Regarding standard SOAP headers:

We will solve the security problem in the very near future.

OASIS WSS SOAP Message Security (the standardized version of WS-Security) should be ratified as a formal OASIS standard by the end of the month. OASIS WSS defines standard tags for you to put authentication tokens in a SOAP header. The specs include two standard token formats for Username and X.509v3 certifications. Additional standard token formats are still in development for SAML, Kerberos, and XrML. WS-I is in the process of developing the WS-I Basic Security Profile based on OASIS WSS.

Microsoft WSE, IBM WebSphere, BEA WebLogic Workshop, Oracle 10g, IONA Artix, and Systinet WASP all support OASIS WSS with Username and X.509v3 tokens. Some of these products also support SAML and/or Kerberos tokens, too.

Dims is busy developing WSS4J, which is a WSS provider for Axis.

Also WS-Routing has been replaced by WS-Addressing. Many of the above listed products also support WS-A.

Anne

At 10:55 PM 3/16/2004, you wrote:
This discussion has been very useful. Thank you!
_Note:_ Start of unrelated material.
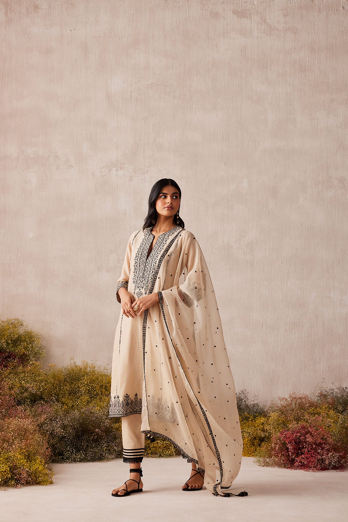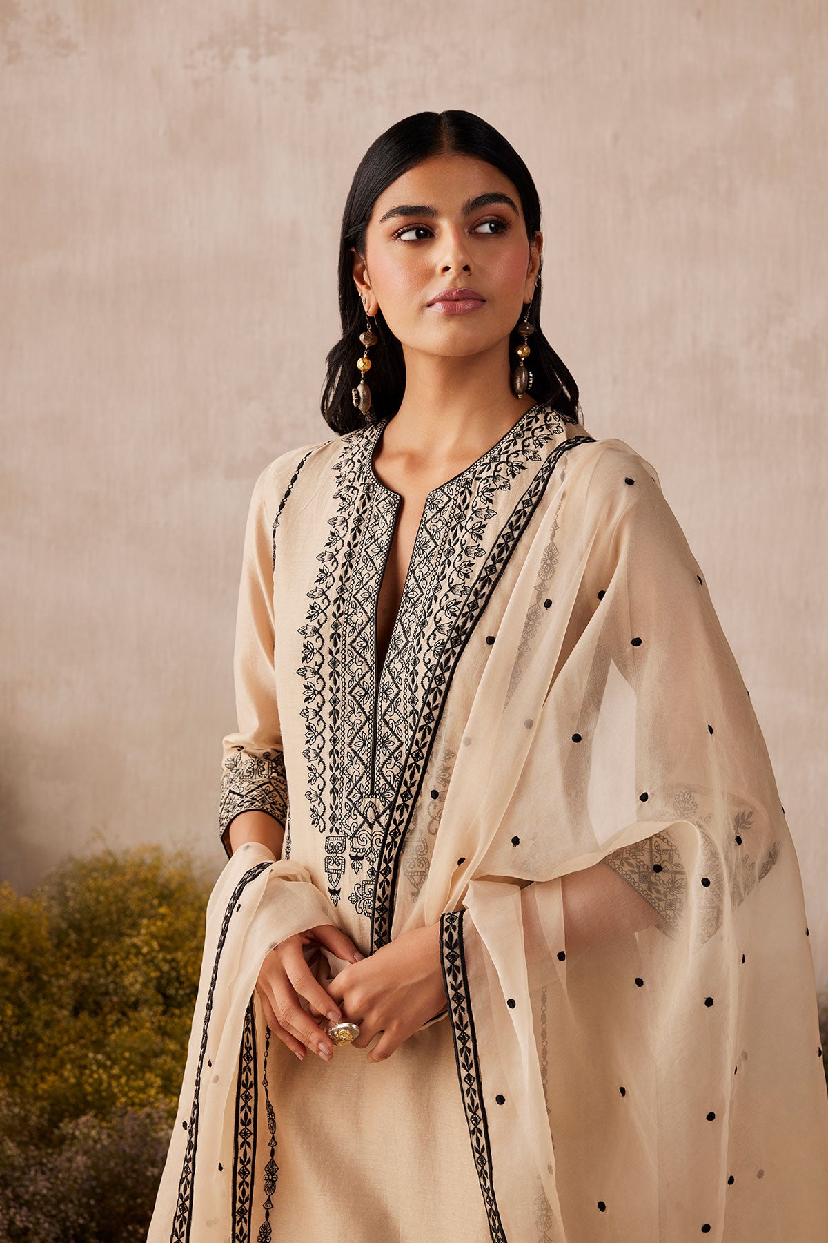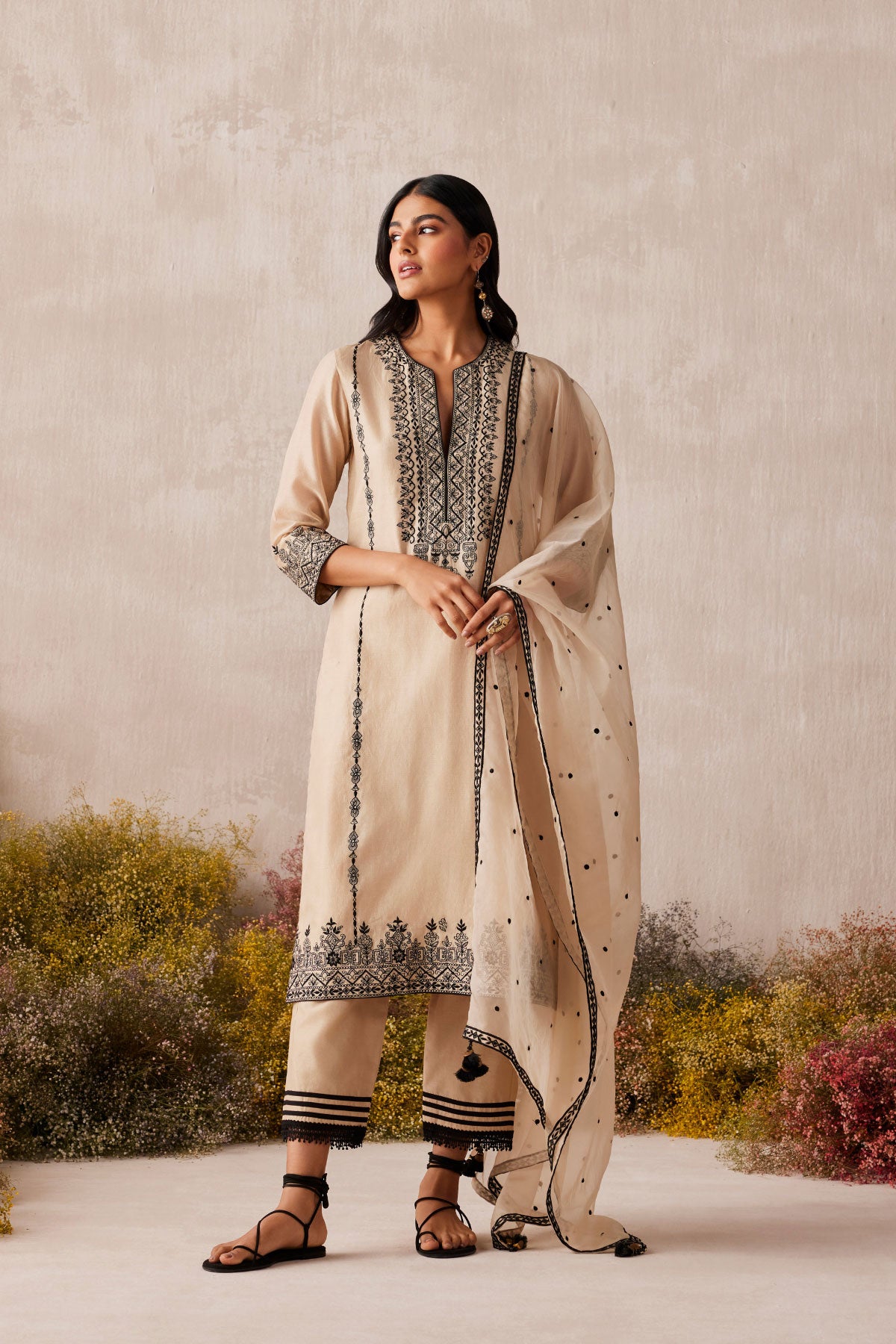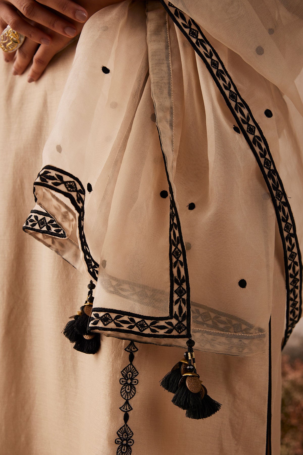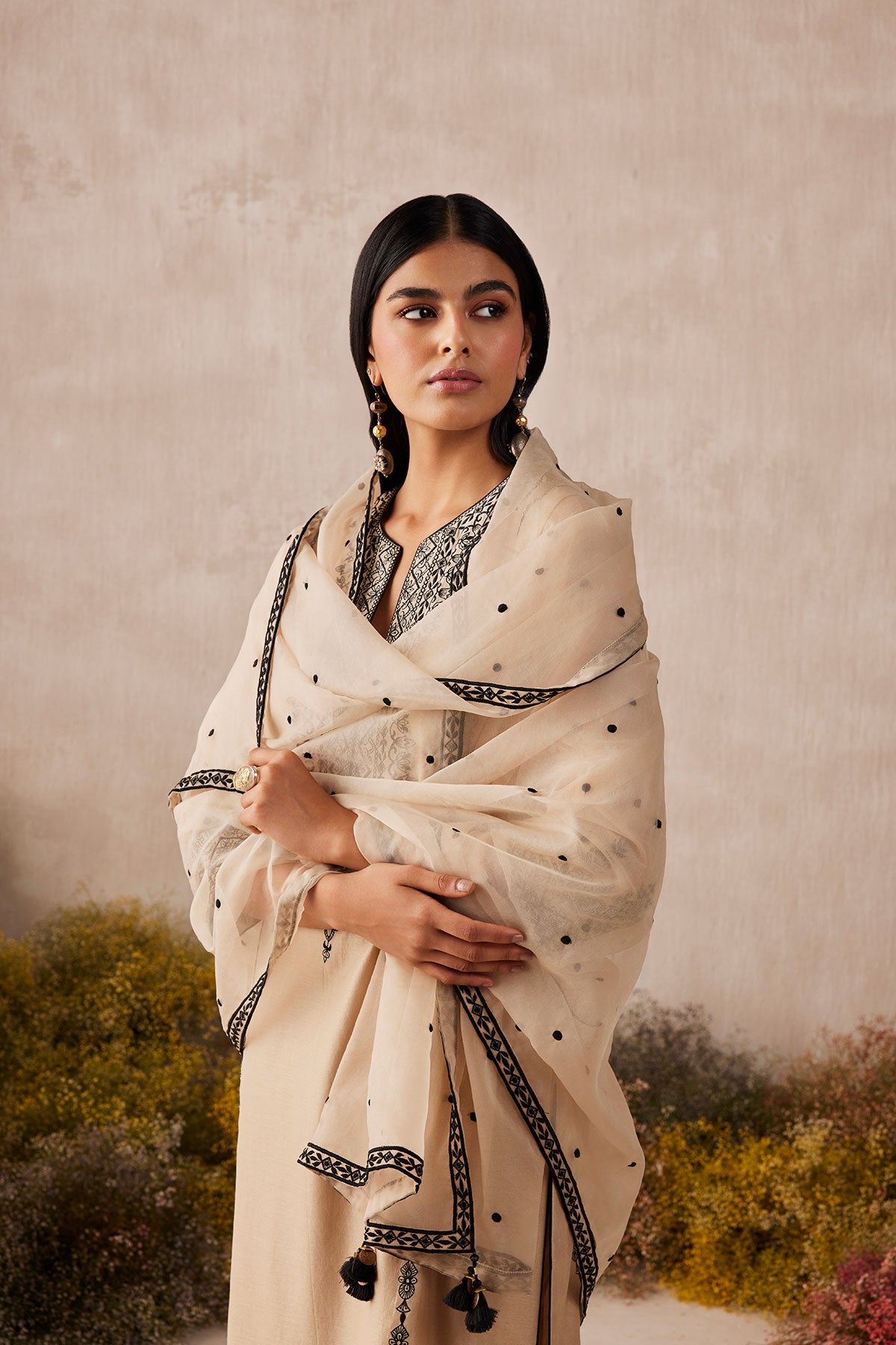 The dark beige base of this silk chanderi kurta is elevated with contrast black threadwork in an intricate floral jaal along the yoke. The bottoms feature delicate lacework and striped applique patches while the sheer organza dupatta comes with small motifs sprinkled across the surface. There is something about contrast threadwork that just always stands out!

Jim Murphy of MindReef/SOAPScope said:
>What that means to me is that SOAP is the ... tags that allow service
>designers to put application stuff in one bucket (soap:Body) and keep
>that separate from non-functional stuff that goes in Headers.
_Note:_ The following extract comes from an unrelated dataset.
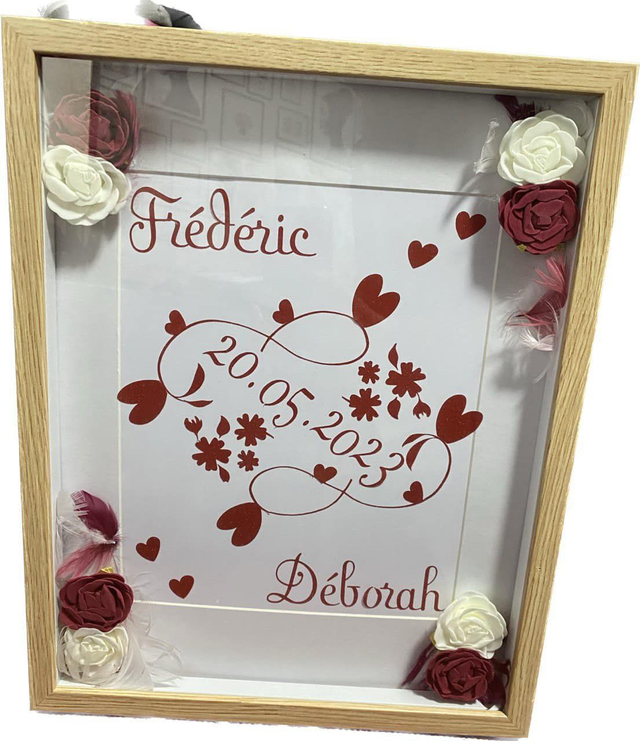 Les prénoms des mariés peuvent être gravés, imprimés ou découpés dans le matériau du cadre. Cela peut se faire par différentes techniques, comme la gravure laser, l'impression numérique ou la sérigraphie.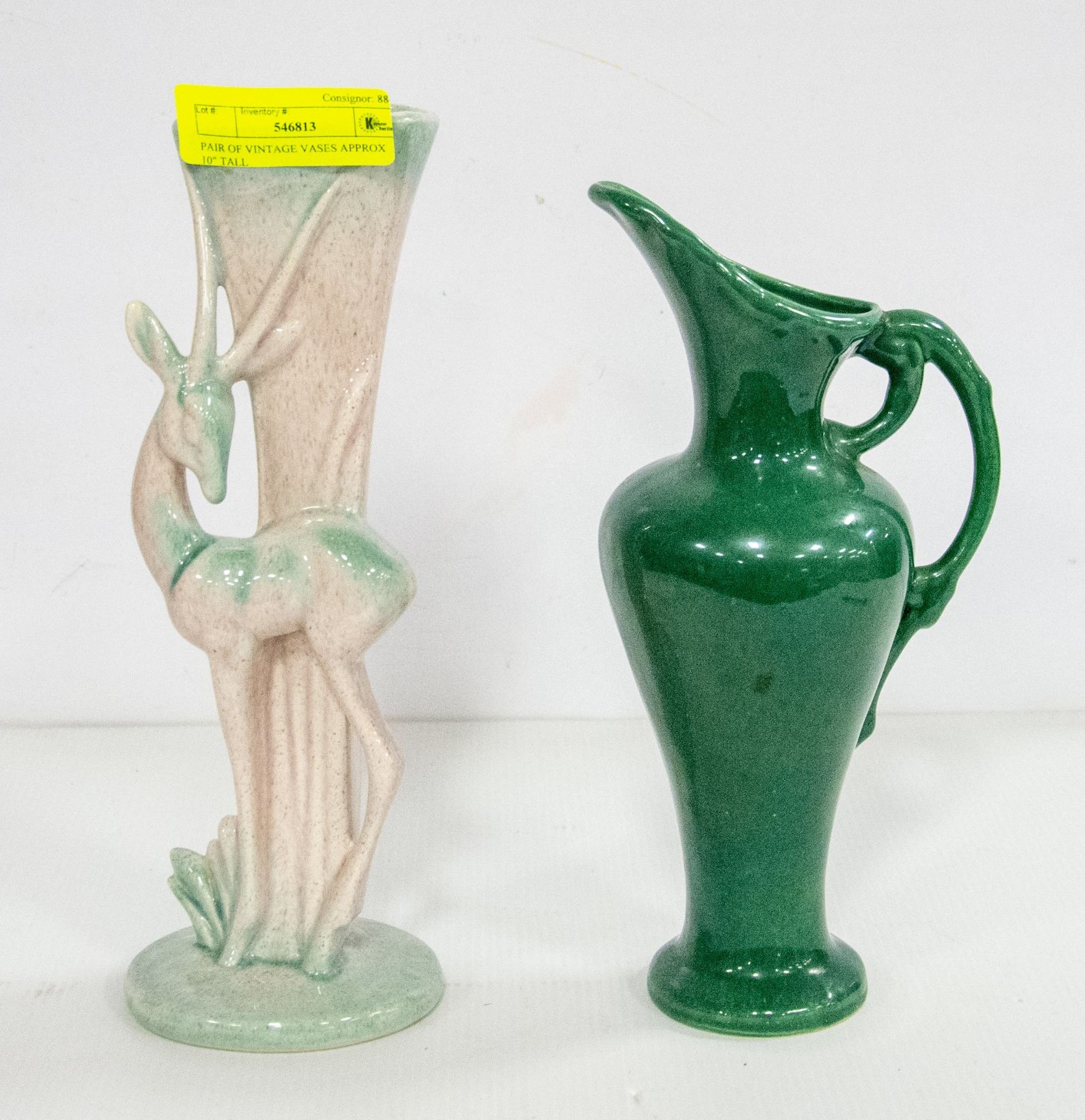 PAIR OF VINTAGE VASES APPROX 10" TALL

I agreed. But while I like the idea of SOAP headers, I don't have
anything standard to put in them. Web services security is a debacle;
there's still no standard tag for me to put authentication tokens in a
SOAP header. And cleverer stuff like WS-Routing hasn't gone anywhere.

My other problem with the document view is that we lose the interop.
It was a magic moment for me when I could declare (in Java) a server
function that returned a struct with an array of structs with complex
nested data, and then a client (in Perl, .NET, whatever) could just
parse it and return the data to the programmer in meaningful client
data objects. I've seen this actually work, in practice, for thousands
of client programmers.

I guess in theory XML Schema is enough for the clients to do the magic
parsing, but in practice it doesn't seem to work so well. I love this
clarification to WS-I BP1.0a:
  http://www.ws-i.org/Profiles/Basic/2003-08/BasicProfile-1.0-errata-1.htm

  R2110, R2111, R2112, and R2113 restricts array descriptions. This is
  confusing and untestable as the concept of "array" is alien to XML
  Schema

So, um, if XML Schema doesn't have arrays, how am I supposed to pass
an array in a document/literal service?


I'm ranting a bit here, I'm sure in practice things work better than the picture looks in the abstract. Only when I write web services code I usually find the picture is *worse* in practice as I sweat through the minutae of interop in a dozen different languages.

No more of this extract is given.